EXERCISE DATA -
====================
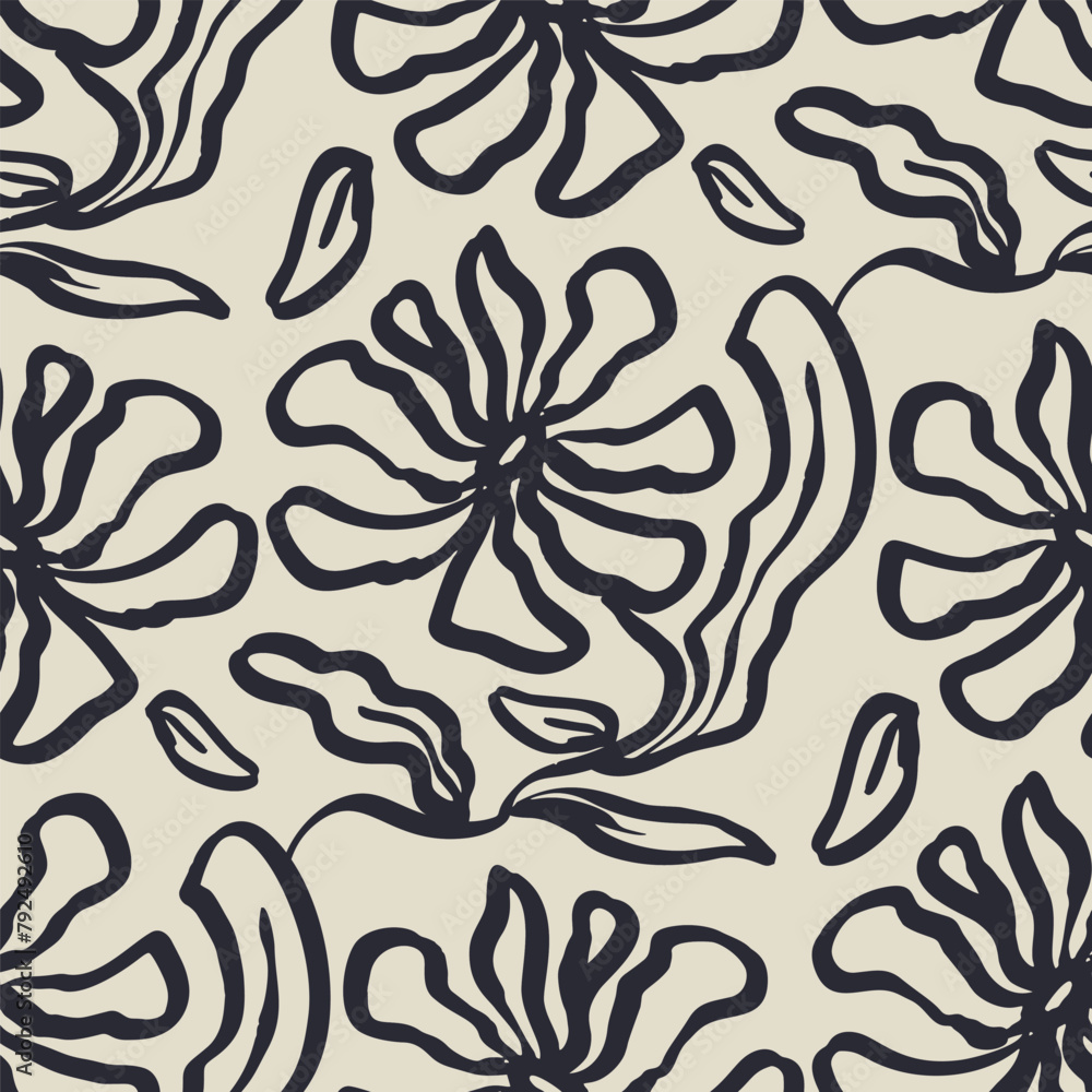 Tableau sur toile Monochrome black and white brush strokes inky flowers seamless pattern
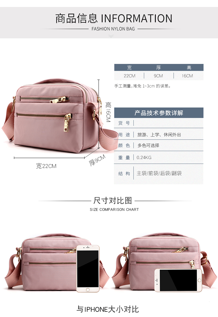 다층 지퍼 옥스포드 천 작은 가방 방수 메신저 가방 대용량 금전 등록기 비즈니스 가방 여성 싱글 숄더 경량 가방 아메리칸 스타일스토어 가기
====================
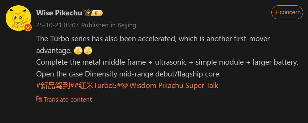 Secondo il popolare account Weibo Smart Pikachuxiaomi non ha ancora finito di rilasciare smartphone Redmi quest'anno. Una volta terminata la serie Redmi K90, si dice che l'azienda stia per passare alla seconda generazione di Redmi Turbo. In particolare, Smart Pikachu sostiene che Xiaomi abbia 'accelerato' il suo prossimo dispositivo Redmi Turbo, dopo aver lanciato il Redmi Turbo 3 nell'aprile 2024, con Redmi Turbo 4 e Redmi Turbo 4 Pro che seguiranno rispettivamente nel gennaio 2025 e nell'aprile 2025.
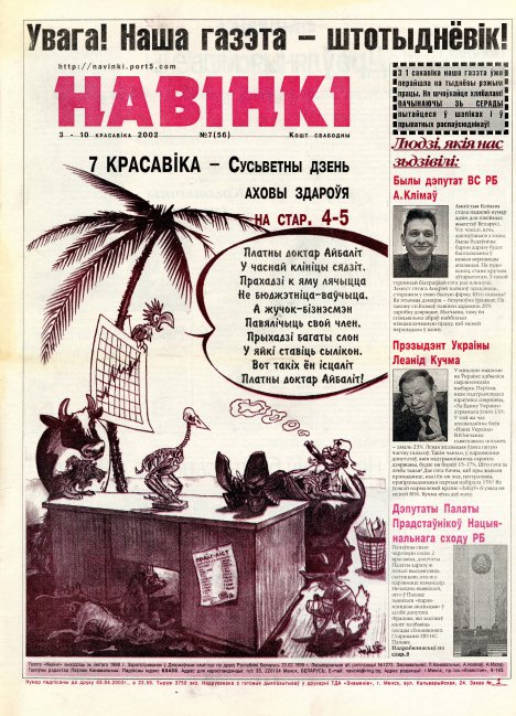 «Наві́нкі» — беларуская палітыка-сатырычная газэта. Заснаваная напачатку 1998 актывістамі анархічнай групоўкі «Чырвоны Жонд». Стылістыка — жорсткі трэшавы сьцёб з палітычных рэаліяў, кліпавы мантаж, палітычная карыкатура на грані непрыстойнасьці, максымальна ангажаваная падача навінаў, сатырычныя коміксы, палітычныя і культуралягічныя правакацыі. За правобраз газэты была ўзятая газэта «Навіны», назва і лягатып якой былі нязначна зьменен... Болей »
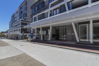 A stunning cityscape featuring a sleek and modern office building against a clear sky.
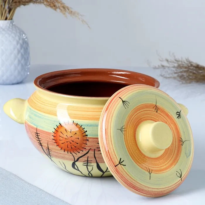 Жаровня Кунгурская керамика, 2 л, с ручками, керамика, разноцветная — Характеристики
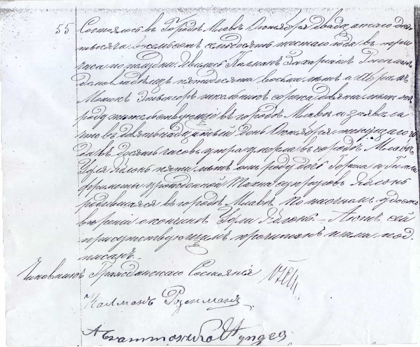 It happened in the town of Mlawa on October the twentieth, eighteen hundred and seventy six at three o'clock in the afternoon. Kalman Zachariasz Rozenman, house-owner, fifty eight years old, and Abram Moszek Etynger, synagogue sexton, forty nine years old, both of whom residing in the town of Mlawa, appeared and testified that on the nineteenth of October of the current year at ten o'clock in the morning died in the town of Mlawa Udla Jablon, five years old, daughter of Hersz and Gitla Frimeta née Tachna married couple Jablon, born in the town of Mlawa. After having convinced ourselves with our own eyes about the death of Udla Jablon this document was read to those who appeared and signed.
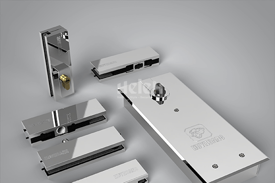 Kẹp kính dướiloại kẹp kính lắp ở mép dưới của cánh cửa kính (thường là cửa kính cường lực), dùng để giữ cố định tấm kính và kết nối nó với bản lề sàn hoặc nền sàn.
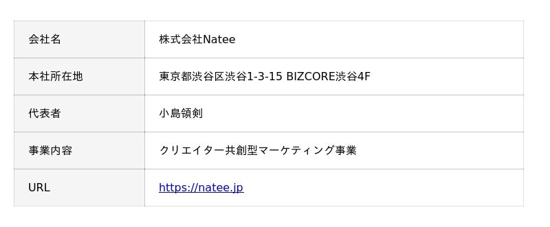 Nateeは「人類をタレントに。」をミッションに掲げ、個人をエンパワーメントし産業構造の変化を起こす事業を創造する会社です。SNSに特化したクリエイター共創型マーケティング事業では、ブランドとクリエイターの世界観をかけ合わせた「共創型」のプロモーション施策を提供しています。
====================
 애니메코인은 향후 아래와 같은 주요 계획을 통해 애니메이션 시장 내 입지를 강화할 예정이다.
====================
EXERCISE DETAILS -
Each line from the one that contains "It happened in" down to the one that contains "Kẹp kính dướiloại" is to be returned exactly as it stands above, both ends included, with pictures removed.

OUTPUT OF THE TASK -
 It happened in the town of Mlawa on October the twentieth, eighteen hundred and seventy six at three o'clock in the afternoon. Kalman Zachariasz Rozenman, house-owner, fifty eight years old, and Abram Moszek Etynger, synagogue sexton, forty nine years old, both of whom residing in the town of Mlawa, appeared and testified that on the nineteenth of October of the current year at ten o'clock in the morning died in the town of Mlawa Udla Jablon, five years old, daughter of Hersz and Gitla Frimeta née Tachna married couple Jablon, born in the town of Mlawa. After having convinced ourselves with our own eyes about the death of Udla Jablon this document was read to those who appeared and signed.
 Kẹp kính dướiloại kẹp kính lắp ở mép dưới của cánh cửa kính (thường là cửa kính cường lực), dùng để giữ cố định tấm kính và kết nối nó với bản lề sàn hoặc nền sàn.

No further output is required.